Exercise — Leave the images aside and copy out the whole listing, exact to the word.

Information provided —
****************
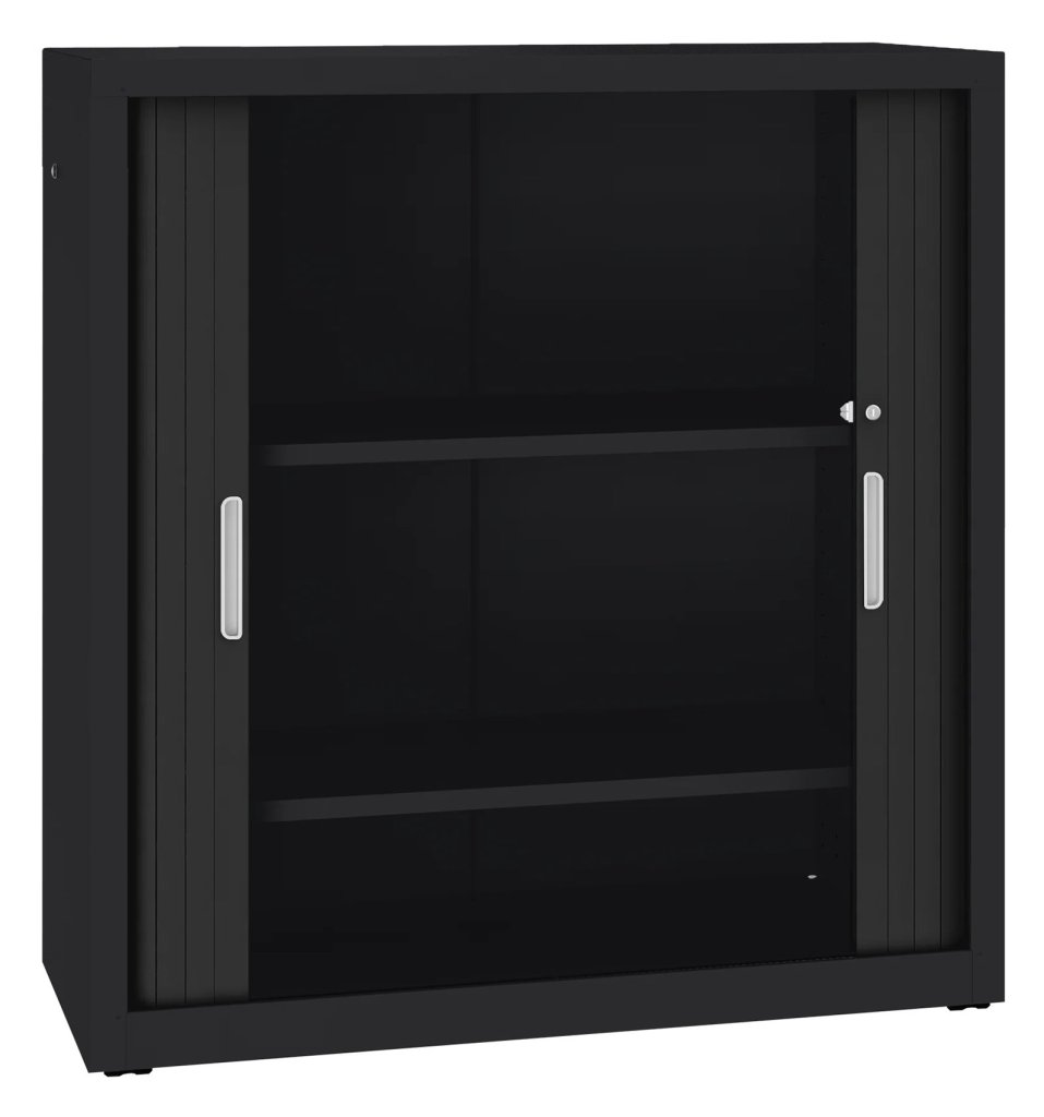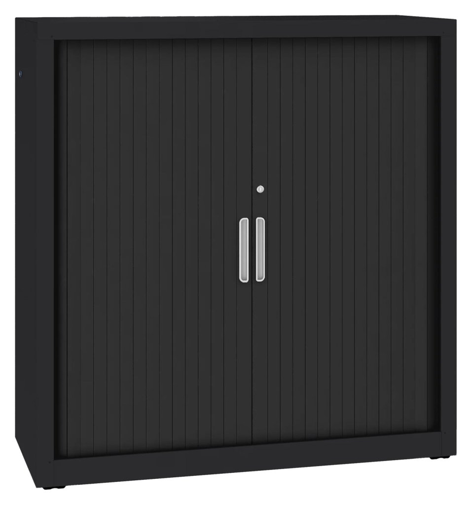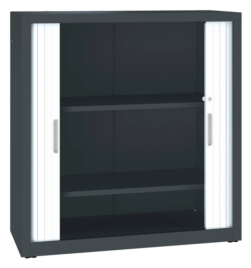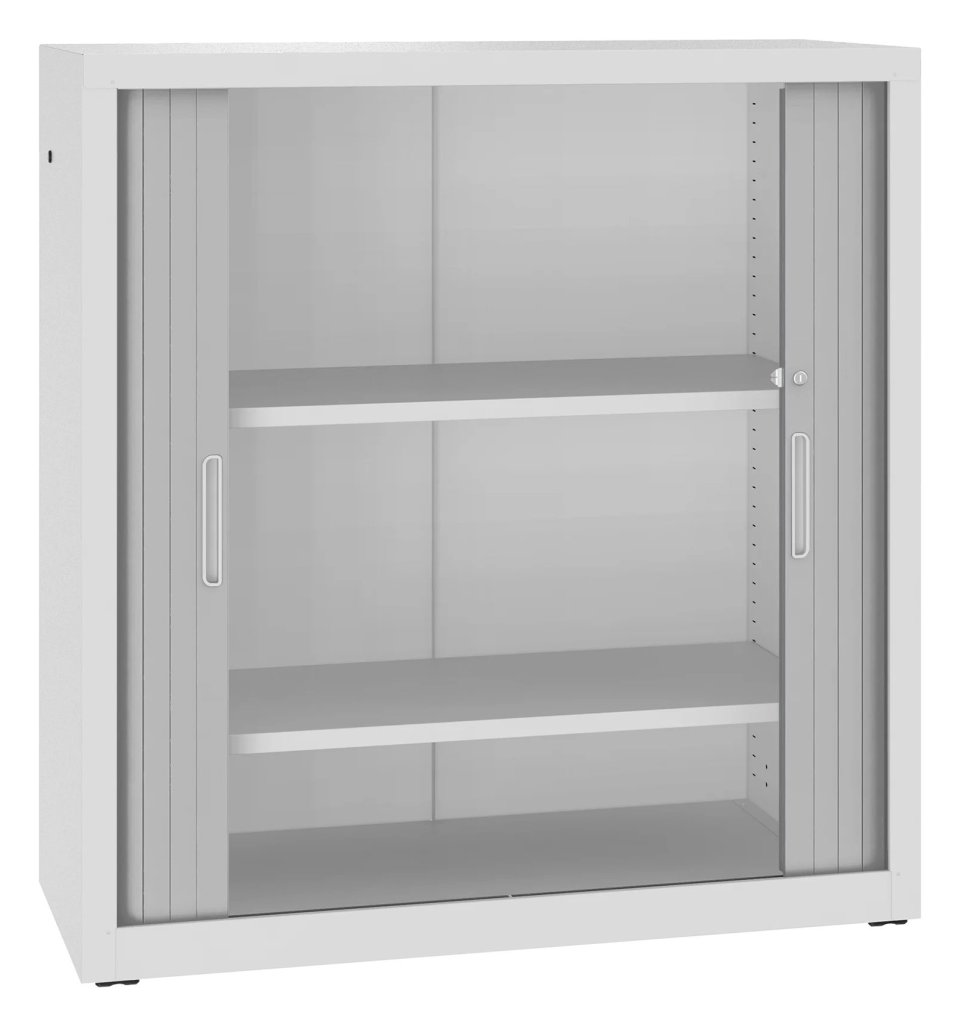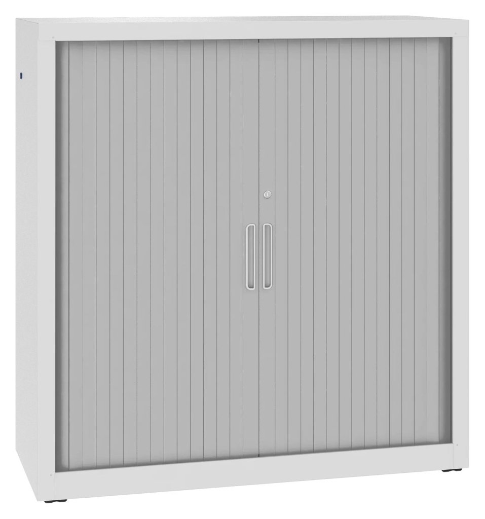 Szafa roletowa metalowa z poziomą żaluzją i 2 półkami. Nośność półki 40 kg. Do wyboru różne kolory. Wysokość 1040 x szerokość 1000 x głębokość 435 mm.
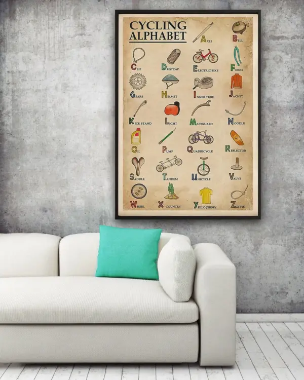 Cycling Alphabet Poster Cycling Art Illustrated In The Uk Vintage Poster Wall Art Decor Poster No Frame Canvas Wall Art Gift For Farmer
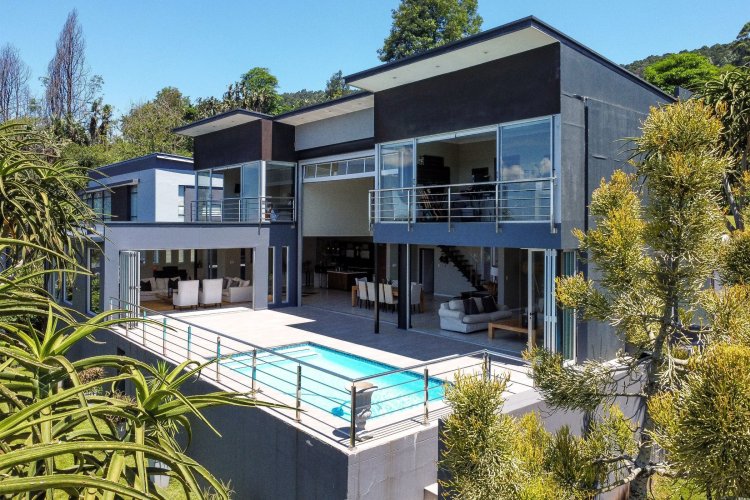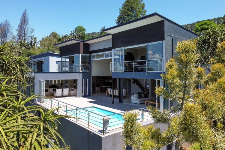 Designed as an entertainer's dream, the home features seamless open plan indoor-outdoor living, flooded with natural light and framed by incredible outlooks. Downstairs offers 2 spacious lounges, a dining area, and a well-appointed kitchen with separate scullery, all flowing effortlessly to the pool area. A guest toilet adds convenience on this level.
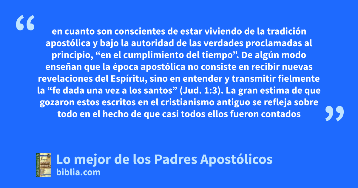 en cuanto son conscientes de estar viviendo de la tradición apostólica y bajo la autoridad de las verdades proclamadas al principio, “en el cumplimiento del tiempo”. De algún modo enseñan que la época apostólica no consiste en recibir nuevas revelaciones del Espíritu, sino en entender y transmitir fielmente la “fe dada una vez a los santos” (Jud. 1:3). La gran estima de que gozaron estos escritos en el cristianismo antiguo se refleja sobre todo en el hecho de que casi todos ellos fueron contados
****************
Task solution —
 Szafa roletowa metalowa z poziomą żaluzją i 2 półkami. Nośność półki 40 kg. Do wyboru różne kolory. Wysokość 1040 x szerokość 1000 x głębokość 435 mm.
 Cycling Alphabet Poster Cycling Art Illustrated In The Uk Vintage Poster Wall Art Decor Poster No Frame Canvas Wall Art Gift For Farmer
 Designed as an entertainer's dream, the home features seamless open plan indoor-outdoor living, flooded with natural light and framed by incredible outlooks. Downstairs offers 2 spacious lounges, a dining area, and a well-appointed kitchen with separate scullery, all flowing effortlessly to the pool area. A guest toilet adds convenience on this level.
 en cuanto son conscientes de estar viviendo de la tradición apostólica y bajo la autoridad de las verdades proclamadas al principio, “en el cumplimiento del tiempo”. De algún modo enseñan que la época apostólica no consiste en recibir nuevas revelaciones del Espíritu, sino en entender y transmitir fielmente la “fe dada una vez a los santos” (Jud. 1:3). La gran estima de que gozaron estos escritos en el cristianismo antiguo se refleja sobre todo en el hecho de que casi todos ellos fueron contados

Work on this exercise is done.